Reel sosyalizm deneyimini yorumlama konusunda, yeni solun gösterdiği teorik performans biliniyor. Eleştirilerindeki dışardanlığı, sorumsuz bir çözümleme yoğunluğu ile aştıklarını zannediyorlar. Pek çoğu burjuva eleştirmenlerinden ödünç alınma kavramlarla bir tarihi yargılama yolunu seçiyorlar. Bu şekilde bir üçüncü taraf oluşturabileceklerini sanıyorlar. Şaşkınlık içinde olup bitenleri izlemek, ortada kalmak, ayrı bir taraf oluşturmak sayılıyorsa bazen bunu başarabiliyorlar da…
Belki şimdiki zaman kullanmak yanlış, belki onlar da artık “tarihe karışıyorlar”.
Tarihe karışmak bazen bir yeniden doğuş, yeniden “oluş” olabiliyor. Belki de tarihe karışarak, yavaştan uyanıyorlar. Yeni uyanmakta olan bir çocuk sevimlidir. Şimdi şimdi uyanırken sevimli de olamıyorlar. Daha çok şımarık bir görmemişin sevimsizliğini taşıyorlar.

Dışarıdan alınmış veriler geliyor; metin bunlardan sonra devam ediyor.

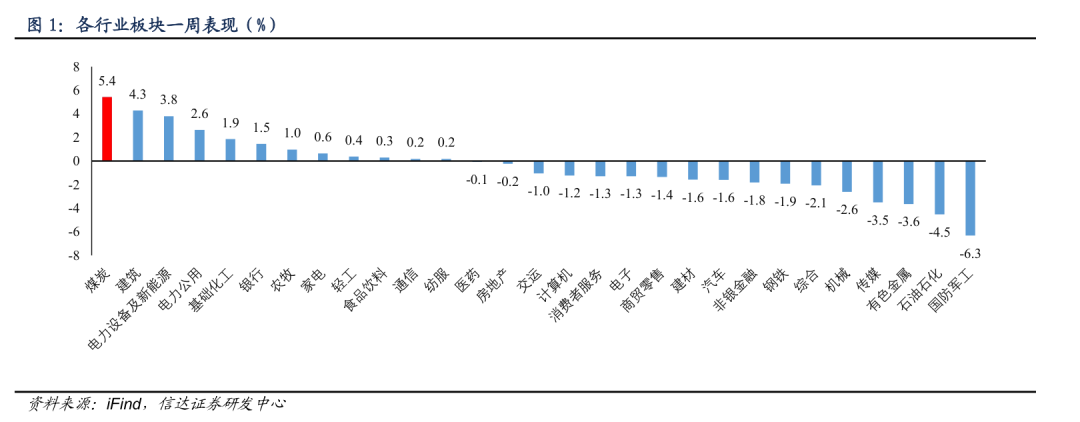 本周煤炭板块上涨5.42%,表现优于大盘;本周沪深300上涨0.19%到4669.14;涨跌幅前三的行业分别是煤炭(5.42%)、建筑(4.28%)、电力设备及新能源(3.79%)。
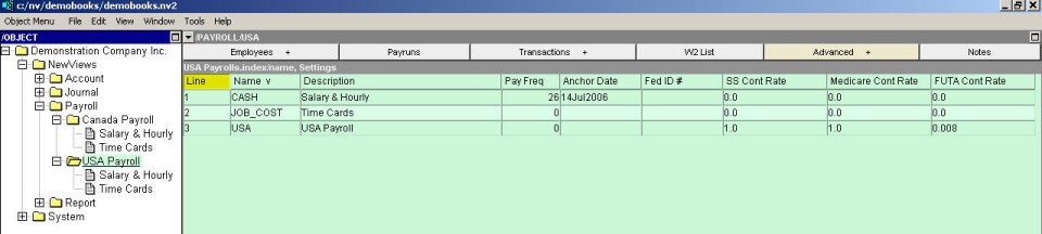 Click on NewViews/Payroll/USA Payroll in the NewViews Database Explorer.
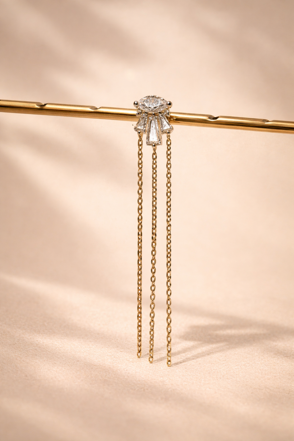עגיל זהב 14K משולב שרוכים משובץ זרקונים לבנים
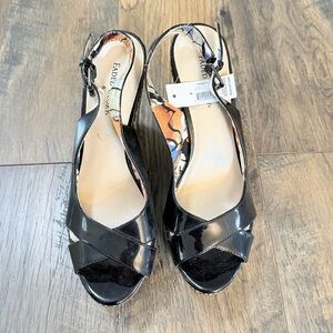 New High Wedge open toe ditsy sandals black patent wedge size 8
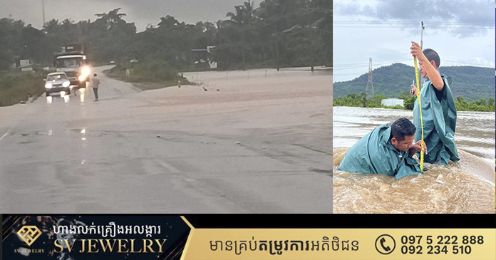ព្រះសីហនុ៖ ស្ថានភាពកម្ពស់ទឹកនៅចំណុចស្ពានស្ទឹងសំរោងចន្លោះគីឡូម៉ែត្រលេខ 115-116 ក្នុងភូមិសាស្ត្រ ភូមិស្ទឹងសំរោង ឃុំអូរបាក់រទេះ ស្រុកកំពង់សីលា ខេត្តព្រះសីហនុ ជំនន់ទឹកភ្លៀងបានហក់ឡើងដល់កម្ពស់ ៦,៥០ ម៉ែត្រ ពីបាតស្ទឹង កំពស់លើផ្លូវជាតិ ៦,៨០ ម៉ែត្រ ហូរកាត់តាមបណ្តោយផ្លូវជាតិប្រហែល៤១០ម៉ែត្រ។
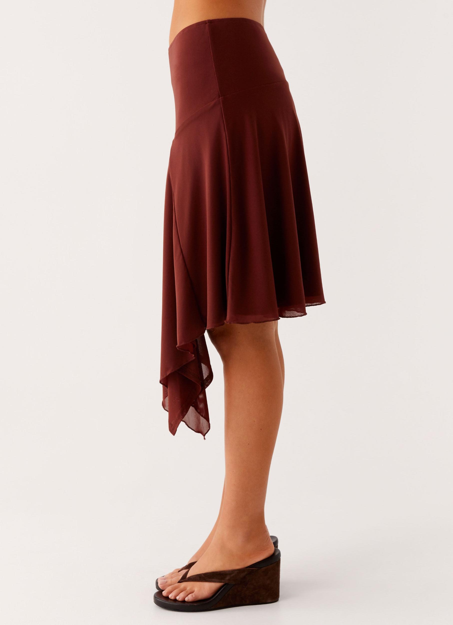 Peppermayo Exclusive The Mirage Midi Skirt is made for golden hour and beyond. Crafted from stretch mesh, it features a flattering elasticated waistband, asymmetrical hemline, and full lining for a sleek, body-skimming fit. - Midi length- Elasticated waistband- Asymmetrical hemline- Fully lined- Stretch mesh- Fabric: 95% Polyester, 5% Spandex, L: 100% Polyester Size AU 8 / US 4 garment measurements: Waist: 74 cm / 29.13 inHip: 80 cm / 31.5 inLength: 53 cm / 20.87 in Yasmin is 174cm and wearing a size AU 6 / and US 2

Sevimsiz… Bunca yıl küfrettikleri “bürokratlara” bu defa da bir darbeyi bile beceremedikleri için küfreden şımarık “çocuk”lara en fazla bu sıfat yakışıyor.
Biraz şuna benziyor: Günahıyla sevabıyla bir bayrağı yıllarca taşımış olanların karşısına geçip, bayrak düşer de biz kaparız umuduyla bekleşen çocuklar, şimdi bayrak düşerken bu ağırlığı taşıyabilecek olgunluktan çok uzak olduklarını gösteriyorlar.
Bunlara olup bitenleri bir film gibi seyretmek düşüyor. Film seyircisi bile daha tarafgirdir. Bunlar hayali taraflar üretip, onların ortaya çıkmasını bekliyorlar. Bu hayaletler beklenen kimlikleri ile ortaya çıkmayınca, sıra dayanılmaz hafiflikte ve uzun vadeli öngörüler üretmeye geliyor.
Büyük bir ahmaklıkla, bütün bu olup bitenlerden sonra ulusal sorunun büyük ölçüde çözülmüş olacağı ve artık işçi sınıfının öncülüğünün koşullarının oluşmuş olacağı söylenebiliyor. 1 Bürokratların tükenmesinden sonra, Yeltsin’in de çözüm üretemeyeceği ve onun da tükeneceğini söylüyorlar, böylece yığınların “öz”ünden fışkıran bir sosyalist demokrasinin olanaklarının 2 belirginleştiğini “görüyorlar”. Bazıları “ne şiş yansın ne kebap” diyerek, daha dün “ne yaparlarsa razıyım” dedikleri kitlelere “mesafe koyuyorlar”.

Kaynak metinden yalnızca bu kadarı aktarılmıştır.